Talley
- Mast height: 17 metres (56 ft)
- Coordinates: 51°58′52″N 3°58′55″W﻿ / ﻿51.981°N 3.982°W
- Grid reference: SN639332
- Built: 1986
- Relay of: Carmel
- BBC region: BBC Wales
- ITV region: ITV Cymru Wales

= Talley transmitting station =

Television relay station in Talley, Carmarthenshire, Wales

The Talley television relay station is sited on high ground to the north of the village of Talley in Carmarthenshire. It was originally built in 1986 as a fill-in relay for UHF analogue television covering the community of Talley.
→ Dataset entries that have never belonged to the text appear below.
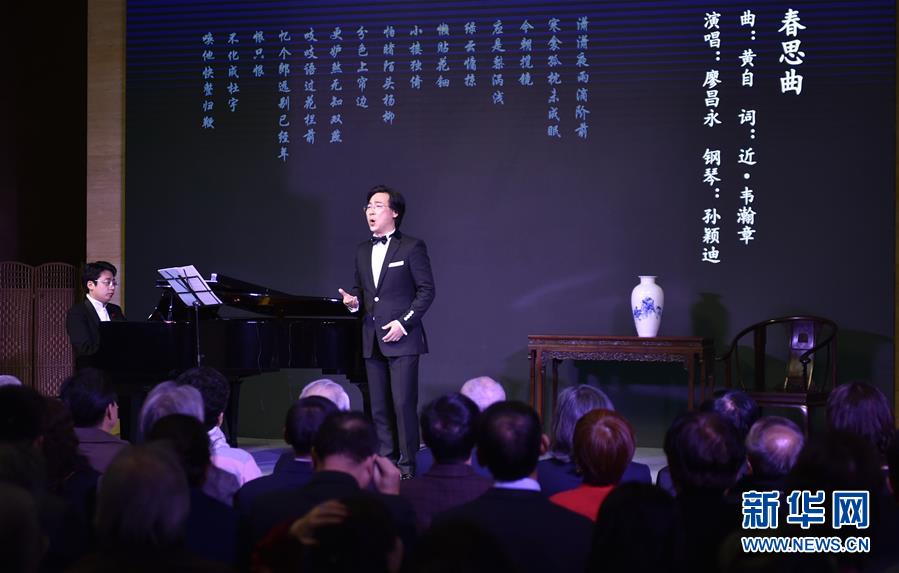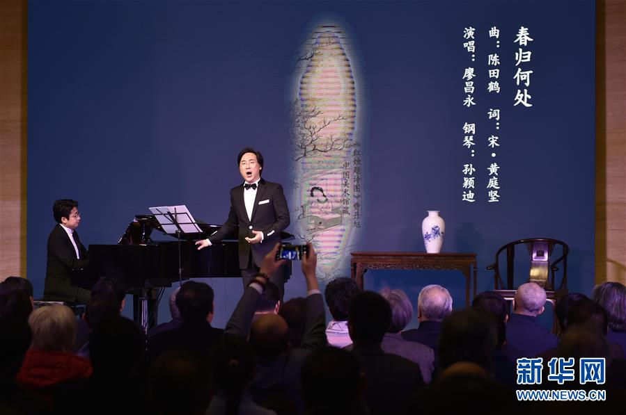 12月10日晚,廖昌永在音樂會上演唱《春歸何處》。 當晚,中國古典詩詞與書畫——廖昌永中國藝術歌曲獨唱音樂會在北京中國美術館舉行。 新華社記者 魯鵬 攝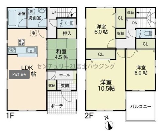 | 間取 | 4LDK (洋室6帖、洋室6帖、洋室10.5帖、和室4.5帖、LDK16帖) | ||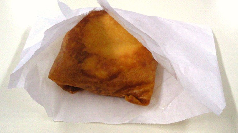 肉まんなのに、春巻きの皮に包んで揚げている・・・。

It consists of a 17 m wooden telegraph pole standing on a hillside which is itself about 220 m above sea level. The transmissions are beamed southwest and northwest to cover all the small settlements of the area and to provide a signal for the Llansawel repeater about 5 km to the northwest. The Talley transmission station is owned and operated by Arqiva.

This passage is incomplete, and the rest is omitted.